- [Task to carry out]: Print only the lines below from the one with "筹码集中度方面,截至2023" to the one with "Grey Rectangular Cubicle", both included, exactly as they stand. Leave pictures out.

- [Exercise inputs]:
^^^^

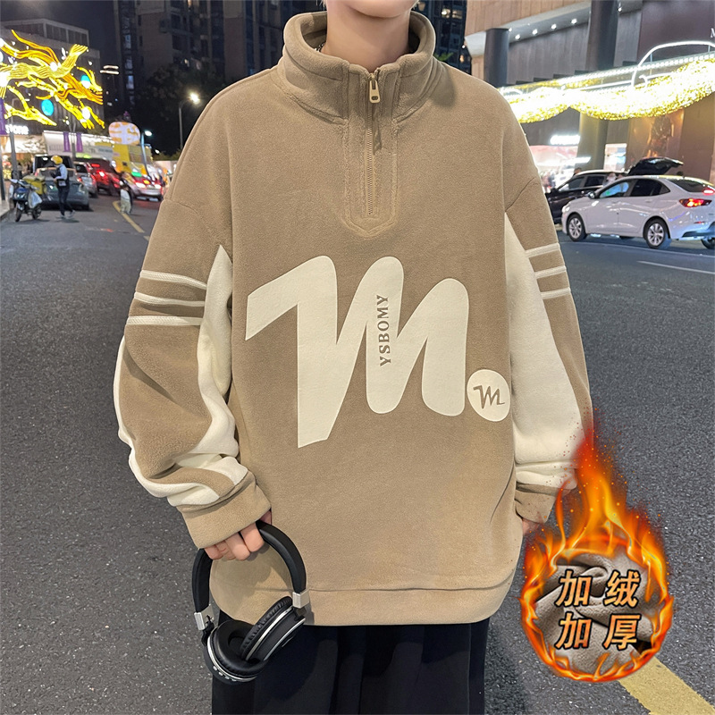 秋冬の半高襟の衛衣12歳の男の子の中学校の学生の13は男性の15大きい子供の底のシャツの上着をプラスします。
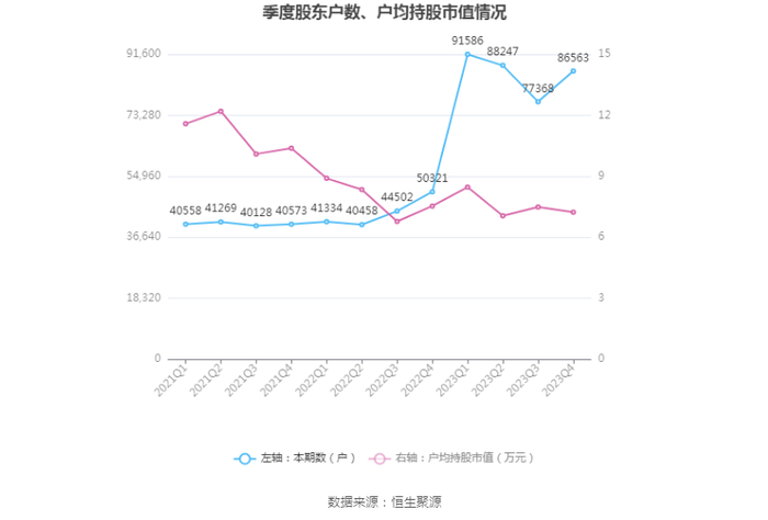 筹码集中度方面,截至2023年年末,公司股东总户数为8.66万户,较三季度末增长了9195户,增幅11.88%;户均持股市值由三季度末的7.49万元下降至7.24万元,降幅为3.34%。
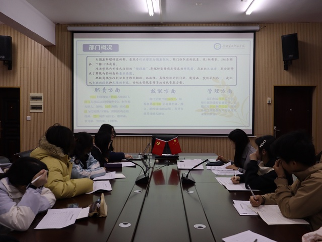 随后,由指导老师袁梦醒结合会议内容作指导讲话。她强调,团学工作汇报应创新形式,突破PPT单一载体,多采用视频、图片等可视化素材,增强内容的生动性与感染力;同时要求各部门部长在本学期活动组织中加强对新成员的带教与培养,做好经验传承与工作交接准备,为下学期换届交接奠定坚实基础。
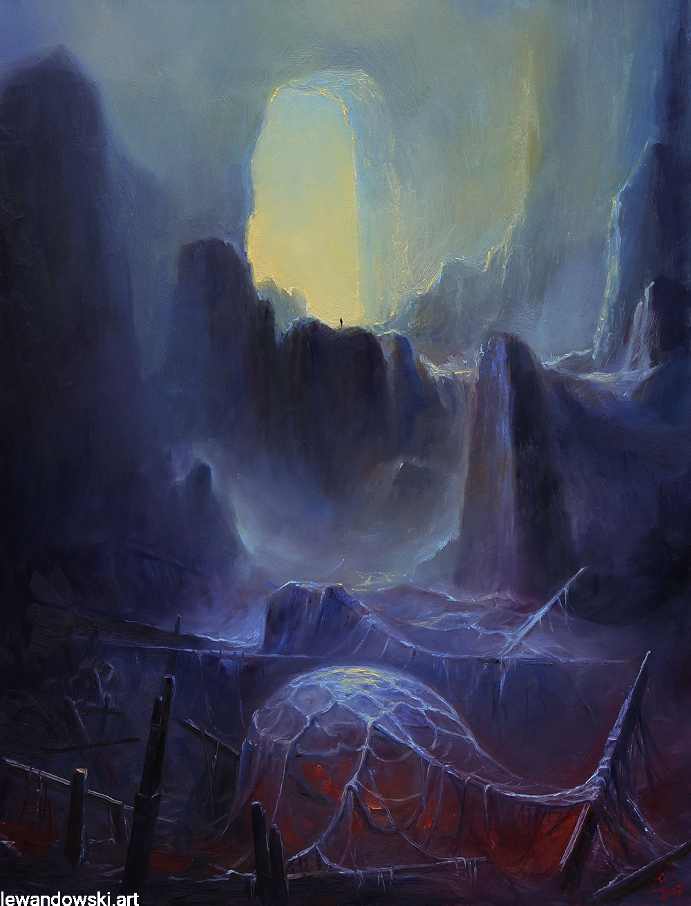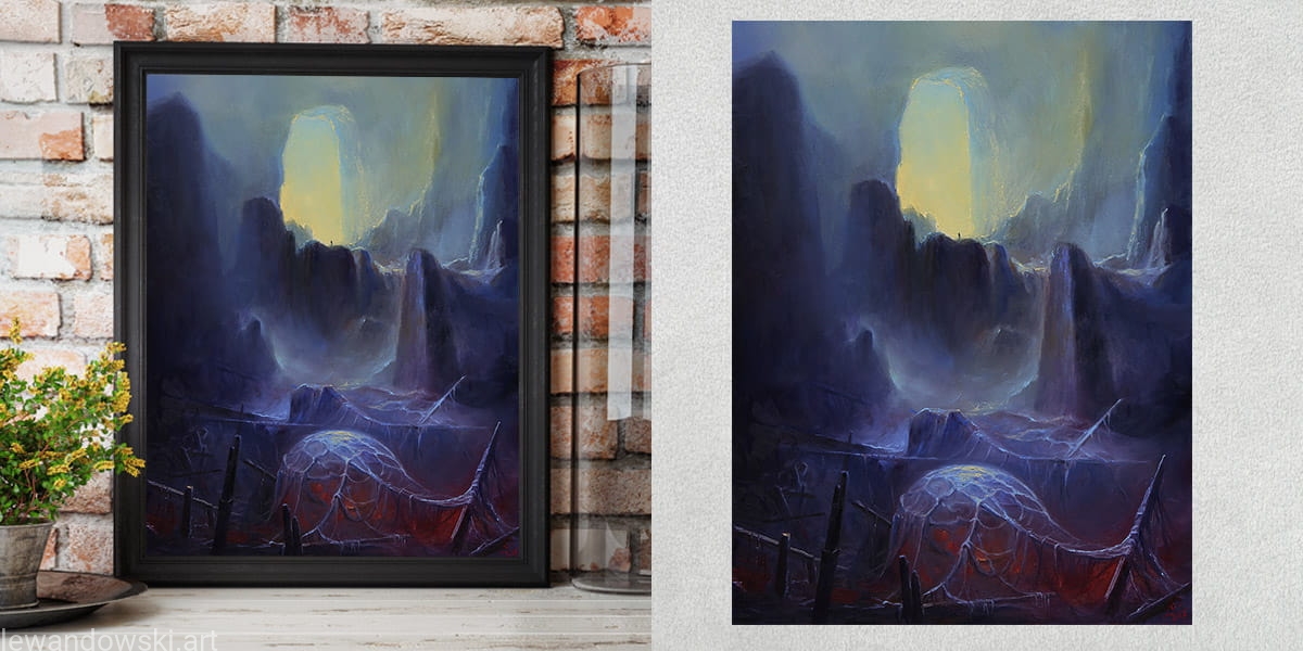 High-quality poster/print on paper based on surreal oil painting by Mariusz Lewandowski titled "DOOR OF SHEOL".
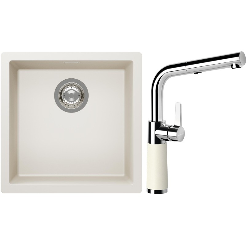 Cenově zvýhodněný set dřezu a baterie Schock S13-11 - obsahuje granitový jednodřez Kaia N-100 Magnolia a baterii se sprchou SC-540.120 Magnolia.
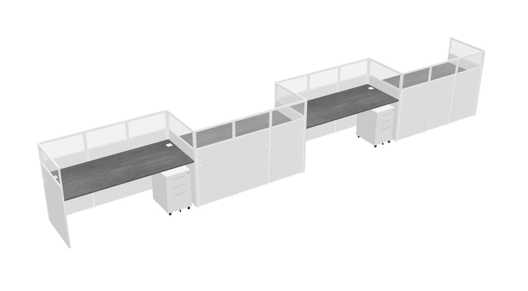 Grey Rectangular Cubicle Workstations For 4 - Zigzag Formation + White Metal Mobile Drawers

^^^^

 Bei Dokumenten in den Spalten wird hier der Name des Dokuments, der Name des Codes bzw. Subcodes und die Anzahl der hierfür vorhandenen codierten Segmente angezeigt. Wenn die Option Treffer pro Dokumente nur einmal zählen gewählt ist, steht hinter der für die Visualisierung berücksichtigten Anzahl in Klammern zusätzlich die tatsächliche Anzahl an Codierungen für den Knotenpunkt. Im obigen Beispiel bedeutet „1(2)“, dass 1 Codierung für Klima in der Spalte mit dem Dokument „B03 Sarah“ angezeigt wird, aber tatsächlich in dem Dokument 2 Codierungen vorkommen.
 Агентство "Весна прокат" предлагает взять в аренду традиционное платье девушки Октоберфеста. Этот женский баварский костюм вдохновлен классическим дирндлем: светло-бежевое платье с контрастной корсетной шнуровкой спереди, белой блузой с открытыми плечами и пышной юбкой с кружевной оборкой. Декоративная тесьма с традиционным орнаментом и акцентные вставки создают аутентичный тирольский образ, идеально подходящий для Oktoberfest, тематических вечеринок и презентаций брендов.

^^^^

- [Task answer]:
 筹码集中度方面,截至2023年年末,公司股东总户数为8.66万户,较三季度末增长了9195户,增幅11.88%;户均持股市值由三季度末的7.49万元下降至7.24万元,降幅为3.34%。
 随后,由指导老师袁梦醒结合会议内容作指导讲话。她强调,团学工作汇报应创新形式,突破PPT单一载体,多采用视频、图片等可视化素材,增强内容的生动性与感染力;同时要求各部门部长在本学期活动组织中加强对新成员的带教与培养,做好经验传承与工作交接准备,为下学期换届交接奠定坚实基础。
 High-quality poster/print on paper based on surreal oil painting by Mariusz Lewandowski titled "DOOR OF SHEOL".
 Cenově zvýhodněný set dřezu a baterie Schock S13-11 - obsahuje granitový jednodřez Kaia N-100 Magnolia a baterii se sprchou SC-540.120 Magnolia.
 Grey Rectangular Cubicle Workstations For 4 - Zigzag Formation + White Metal Mobile Drawers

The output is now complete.